Research Paper Volume 18 pp 102—116
Blood biochemical and gut microbiotic neural network models forecasting human biological age
- 1 Russian Clinical Research Center for Gerontology, Pirogov Russian National Research Medical University, Ministry of Healthcare of the Russian Federation, Moscow 129226, Russia
- 2 Institute of Biology of Aging and Healthy Longevity Medicine with Preventive Medicine Clinic, Petrovsky Russian Research Centre of Surgery, Moscow, Russia
Received: August 25, 2025 Accepted: January 30, 2026 Published: March 12, 2026
https://doi.org/10.18632/aging.206360How to Cite
Copyright: © 2026 Kobelyatskaya et al. This is an open access article distributed under the terms of the Creative Commons Attribution License (CC BY 4.0), which permits unrestricted use, distribution, and reproduction in any medium, provided the original author and source are credited.
Abstract
Biological age reflects the current state of the body, considering the aspects of lifestyle, environment, and hereditary component. Currently there is no universal formula for determining it, but there are markers that can be used to calculate it. This study aims to develop and compare two models for calculating biological age based on laboratory blood tests and composition of gut microbiota.
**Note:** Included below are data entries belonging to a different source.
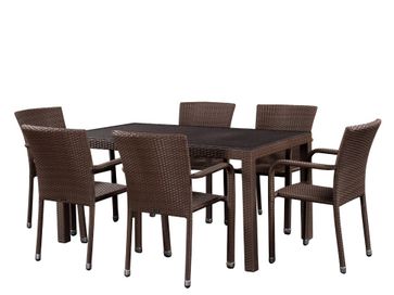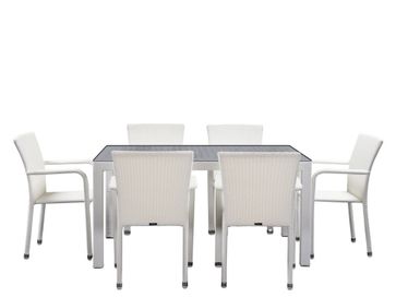 Каркас стола из алюминия с порошковым покрытием, оплетен плоским ротангом, закаленное стекло столешницы. Все столы, за исключением столов в сером цвете, имеют цельносваренный усиленный каркас. Серые разборные.Стулья имеют цельносваренный алюминиевый усиленный каркас, оплетены плоским ротангом. Цвета: белый, шоколадный, серыйГабариты:Стол 150х90х75 смСтулья 57х60х82 см Минимальная сумма заказа 1000 рублей. Страна производства: Россия Возможен самовывоз.
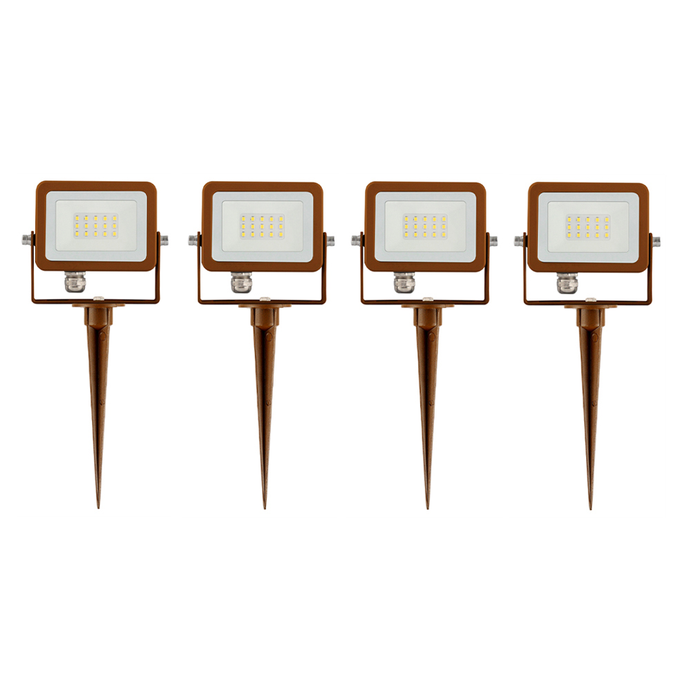 Proiector led de exterior din aluminiu cu finisaj corten, 4 piese.
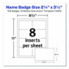 Durable plastic badges have an easy-to-load pocket-style design and are reusable. Displays names clearly. Micro-perforated inserts are printable on both sides and separate cleanly. Customize using Avery® Design & Print. 8.5 x 11 sheets for laser and inkjet printers.
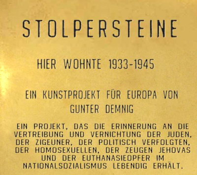 Stolpersteine nennt sich ein Projekt des Künstlers Gunter Demnig. Mit Gedenktafeln will er an das Schicksal der Menschen erinnern, die in der Zeit des Nationalsozialismus verfolgt, ermordet, deportiert, vertrieben oder in den Suizid getrieben wurden.Demnigs Intention ist unter anderem, den NS-Opfern, die in den Konzentrationslagern zu Nummern degradiert wurden, ihre Namen zurückzugeben.

The biochemical model of biological age uses 7 indicators and is gender-specific (general – cystatin-C, IGF-1, DHEAS, only for females – homocysteine, urea, glucose, zonulin, only for males – HbA1c, NT-proBNP, free testosterone, hs-CRP). The microbial model requires the input of percentages of 45 bacterial species as indicators of the gut microbiota. Both methods demonstrate high predictive accuracy (MAE ~ 6 years, R2 > 0.8) and the degree of agreement of assessments both with each other and with PhenoAge (correlation > 0.89). For enhanced interpretability of the models, we applied the SHAP explanation algorithm, which allowed us to evaluate the contribution of each predictor to the final assessment of the biological age.